С горечью и тревогой Франк констатирует упадок и разложение современной цивилизации, соглашаясь со Шпенглером, что европейская культура раскололась на постепенно подавляемую сферу духовного творчества и накопленную массу мертвых орудий и средств внешнего устроения жизни. За первыми обманчивыми историческими призывами к демократическим идеалам, рациональному политическому устроению, упорядоченности и “окультуренности” жизни обнаруживается второй слой, который таинственным образом переворачивает “святое” и “дьявольское”, обрекая человека на духовную пустоту.

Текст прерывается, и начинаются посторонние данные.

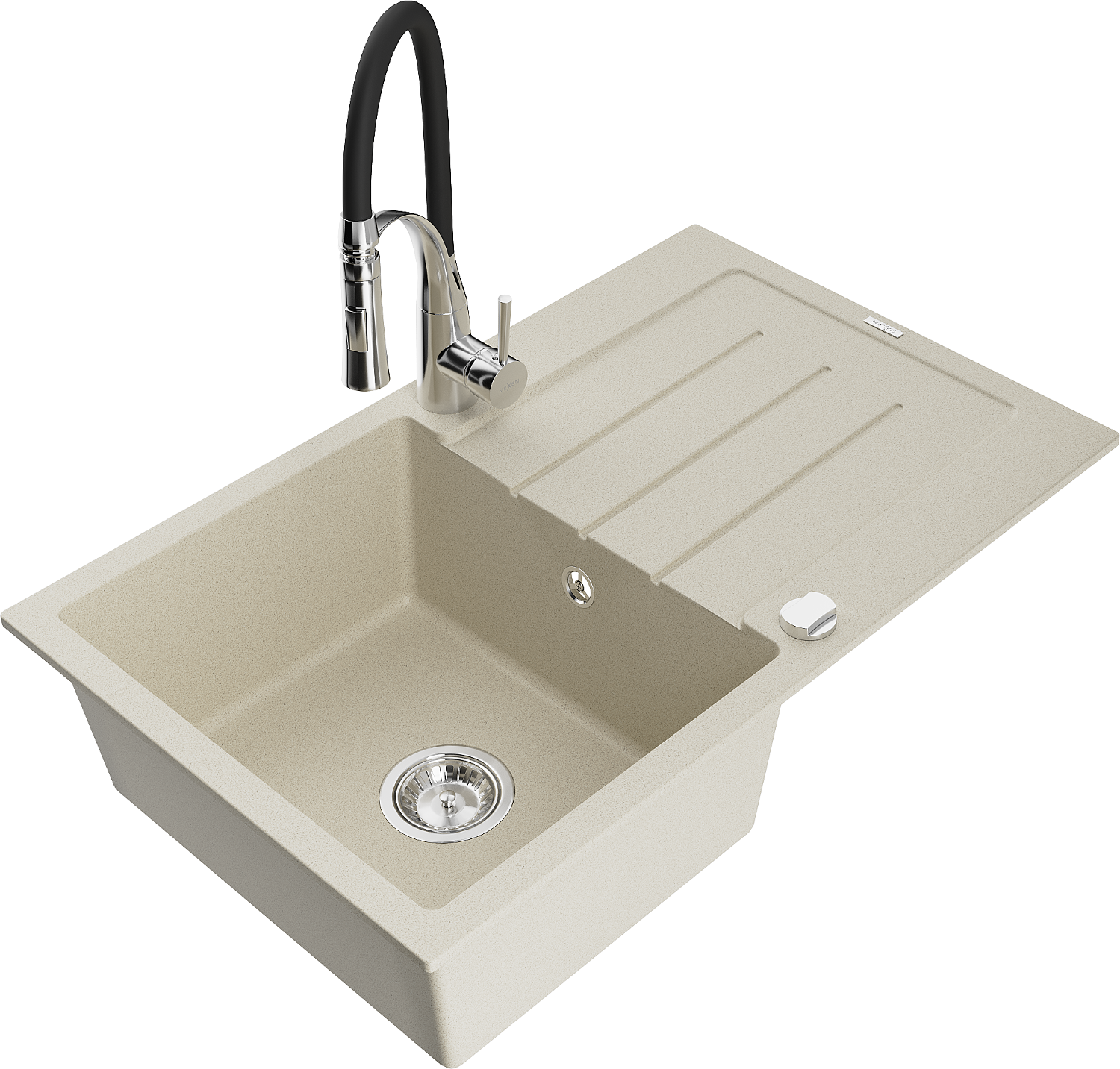 Mexen Bruno 1-bowl granite sink with drainer and Aster kitchen tap, beige - 6513-69-73450-07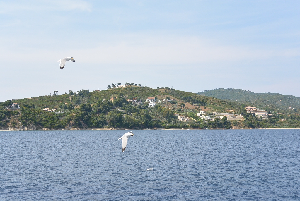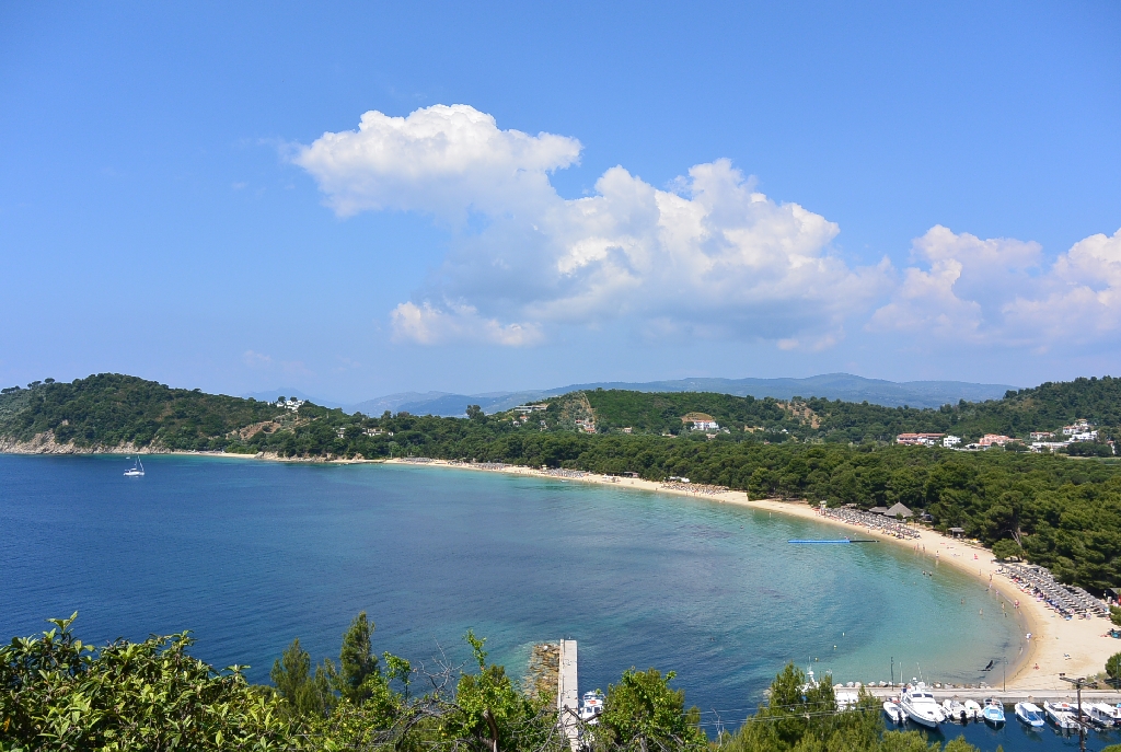 Insula Skiathos, deşi nu este prea mare, are 12 kilometri lungime şi vreo 6 laţime, are loc suficient pentru nu mai puţin de 69 de plaje, fiecare având specificul său. Cel mai înalt punct din Skiathos este la 411 metri, însă când ajungi acolo ţi se pare că ai atins un mic Everest. Priveliştea asupra colinelor împădurite, dar mai ales asupra oraşelor şi a mării albastre este dincolo de cuvinte.

С. Л. Франк провозглашает, что “Пушкин, как всякий истинный гений, живет в веках. Он не умирает, а, напротив, не только вообще продолжает жить в национальной памяти, но именно в смене эпох воскресает к новой жизни.” Возможно символично, что на смене тысячелетий мы обращаемся в великому творцу “вечному спутнику” по мнению Мережковского и “умнейшему человеку России” по выражению царя – Николая II.

С. Л. Франк подчеркивает, что: “Каждая эпоха видит и ценит в Пушкине то, что ей доступно и нужно, и поэтому новая эпоха может открыть в его духовном образе то, что оставалось недоступным прежним”. Франк был уверен, что Пушкин ни только как поэт, но и как духовная личность, далеко опередил русское национальное сознание.

Поэзия А. С. Пушкина, его прозаические работы передают “огромное, оригинальное и неоцененное духовное содержание.” Перед нами Пушкин предстает и как политический мыслитель, поэтому Франк рассматривает политическое мировоззрение А. С. Пушкина.

Проблема политического мировоззрения Пушкина впервые ставится Франком. “Тщетно также стали бы мы искать, – пишет Франк, – главы о Пушкине в многочисленных “историях русской мысли”, которые, как известно, в значительной мере были историями русских политических идей. История русской мыли, с интересом и вниманием исследовавшая и самые узкие и грубые, и самые фантастические общественно-поэтические построения русских умов, молча проходила мимо Пушкина... Этому содействовало, конечно и то, что вплоть до революции 1917 года русская политическая мысль шла путями совершенно иными, чем политическая мысль Пушкина.”1

Франк ставит задачу – добросовестно и духовно свободно понять и оценить политическое мировоззрение Пушкина как “изумительное историческое явление русской мысли”, подчеркивая в своем исследовании, что величайший русский поэт был также величайшим русским политически мыслителем XIX века.

Франк подчеркивает, что в глубоком слое духовной жизни поэта отмечается “созревание его политического мировоззрения - и притом в сторону консерватизма”. Главным памятником является драма “Борис Годунов”, изучение истории Смуты приводит его к убеждению, что монархия в народном сознании являет фундамент русской политической жизни.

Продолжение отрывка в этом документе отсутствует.